数日前に「居場所ワーク」の質問を受けたけれども答えるのが意外と難しかったと書きました。
これまで親の会などに招かれたときに当事者の居場所の様子として話したことがあります。
引きこもり当事者の集まる場の具体例な形としてです。それぞれの条件に応じて、引きこもりの親の会でも居場所ワークみたいなものを始めてはどうですか、と進めたこともあります。しかしこれという反応は得られません。
あらためて考えると、これは不登校情報センターの特殊事情に絡んでいると認めた方がよさそうです。支援団体の情報収集とそれをサイト上に情報提供する継続的な作業が生まれている、それが特殊事情です。
そのあたりは「なでしこ会の講演と質疑」(2013年1月の講演と17の質問への答え)や「不登校情報センターの活動の要約と自己評価」(2014年1月。10の質問への答え)のなかでどういう経過でこのようになり、その意味するところを書いてきました。
居場所の運営、通所する人の動きのなかで生まれてきたものを発展させようとしたものです。あらかじめプログラムがありそれに沿って教えたり訓練する方法からは生まれないものでした。本質的にはこちらの方が特殊事情の基本になるでしょう。
情報提供と情報収集という現在のワークの2つ内容も初めからあったわけではありません。
ポスティングのようなこともしました、DMの発送作業もしました。これらは外部から仕事をもらい集まっている当事者が共同で取り組んだ作業です。

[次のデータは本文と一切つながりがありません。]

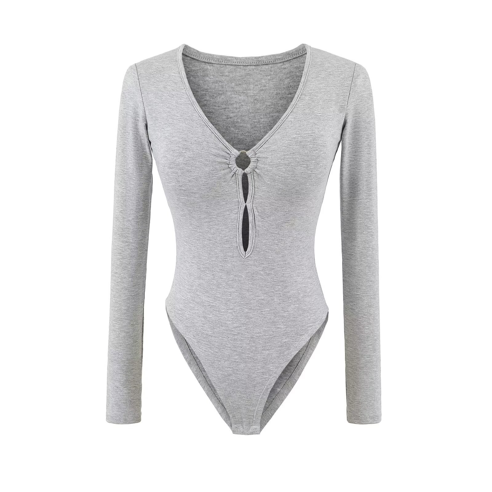 Главная страница > Горячая девушка с чистым V-образным вырезом с длинным рукавом комбинезон сексуальный ремень нагрудный коврик тонкая тонкая рубашка с полым дном 25 весна и осень новая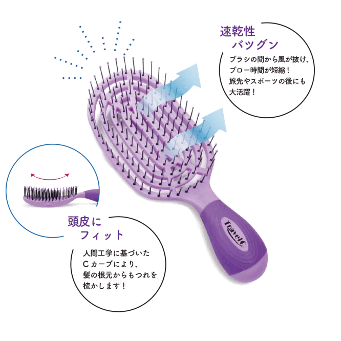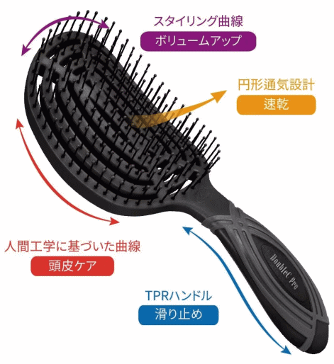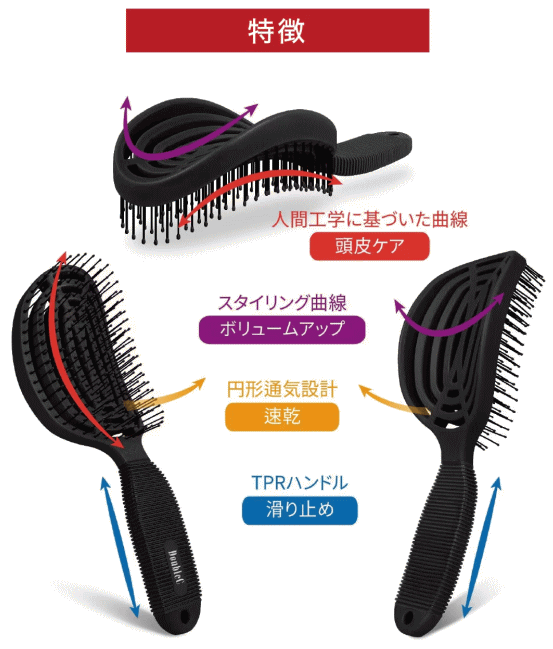 特徴的な2つのCカーブが、ブラッシング時の髪と頭皮の負担を抑え、スムーズにスタイリングできるのが特徴です。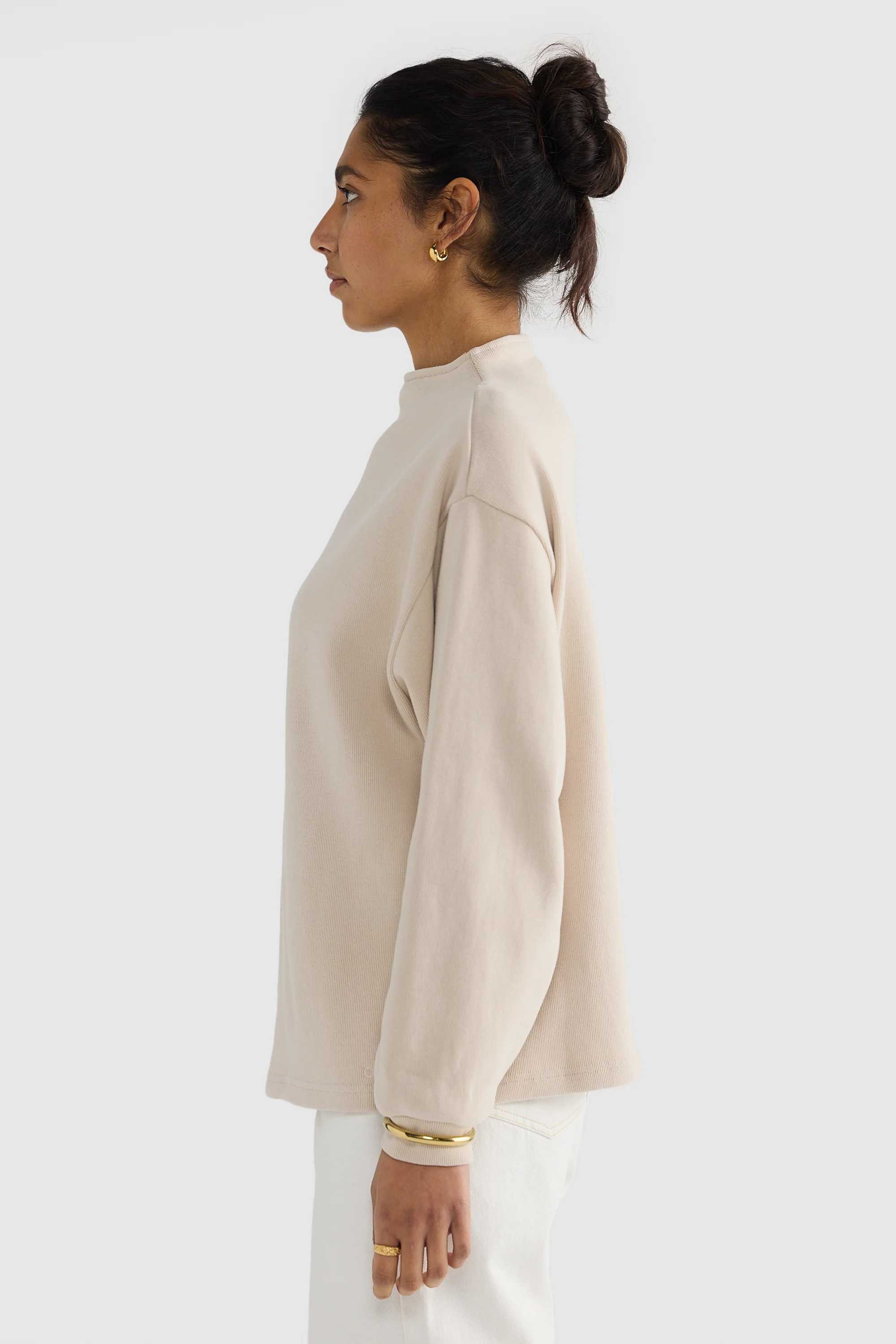The Ava High Neck Ribbed Jumper is a premium grown-on neck sweater designed for comfort. This piece is crafted from high quality brushed cotton making is soft to touch and perfect for all day lounging.

それが今日の自前の作業になったのは2003年ごろです。パソコンを使いネット上で情報提供をする方法を認識したときです。当時はまったくパソコンを使えなかった私が、どういうサイトを作るか、見当違いのシナリオを作ったのが私のスタートでした。通所している当事者にはパソコンを扱いなれていた人が数人はいました。
いまになると情報集めとそのサイト制作は、自前の仕事です。自前の仕事は特殊ですが、外からもらってする仕事は特殊ではありません。言いかえると他の居場所でもできるのかもしれません。
ただ私は経験していないことを推測では書けません。どこかにいい実践があるといいのですが。